> Try it: Lower down are entries containing pictures. Copy exactly, without those pictures, the lines from the line with "The architectural panels" through the line with "Cenicero. Italia, años".

--- Records for this task Enclosed Below ---

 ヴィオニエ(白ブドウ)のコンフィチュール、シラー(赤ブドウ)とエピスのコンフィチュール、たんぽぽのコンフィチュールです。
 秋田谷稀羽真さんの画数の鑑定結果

--- End of Enclosed Records for this task ---
--- Records for this task Enclosed Below ---

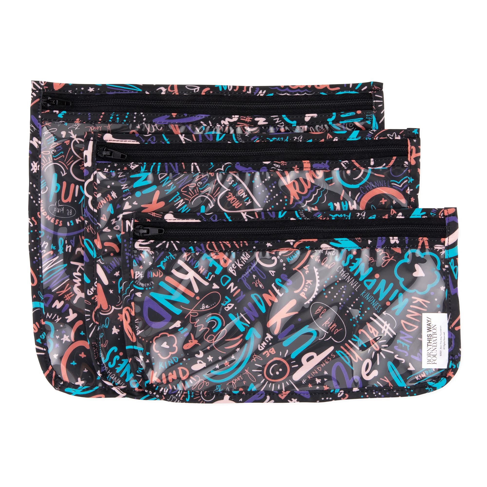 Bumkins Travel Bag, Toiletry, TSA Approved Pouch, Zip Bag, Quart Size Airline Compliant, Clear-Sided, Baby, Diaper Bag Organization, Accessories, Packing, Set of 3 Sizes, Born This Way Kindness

--- End of Enclosed Records for this task ---
--- Records for this task Enclosed Below ---

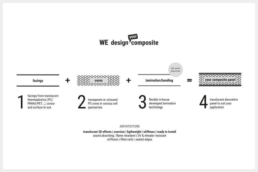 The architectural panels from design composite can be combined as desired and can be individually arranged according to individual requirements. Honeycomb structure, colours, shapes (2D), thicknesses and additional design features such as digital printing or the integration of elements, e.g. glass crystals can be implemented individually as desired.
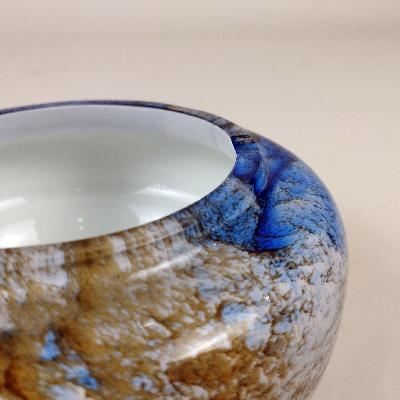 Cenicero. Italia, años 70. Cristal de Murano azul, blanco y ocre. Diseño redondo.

--- End of Enclosed Records for this task ---

> Task result:
 The architectural panels from design composite can be combined as desired and can be individually arranged according to individual requirements. Honeycomb structure, colours, shapes (2D), thicknesses and additional design features such as digital printing or the integration of elements, e.g. glass crystals can be implemented individually as desired.
 Cenicero. Italia, años 70. Cristal de Murano azul, blanco y ocre. Diseño redondo.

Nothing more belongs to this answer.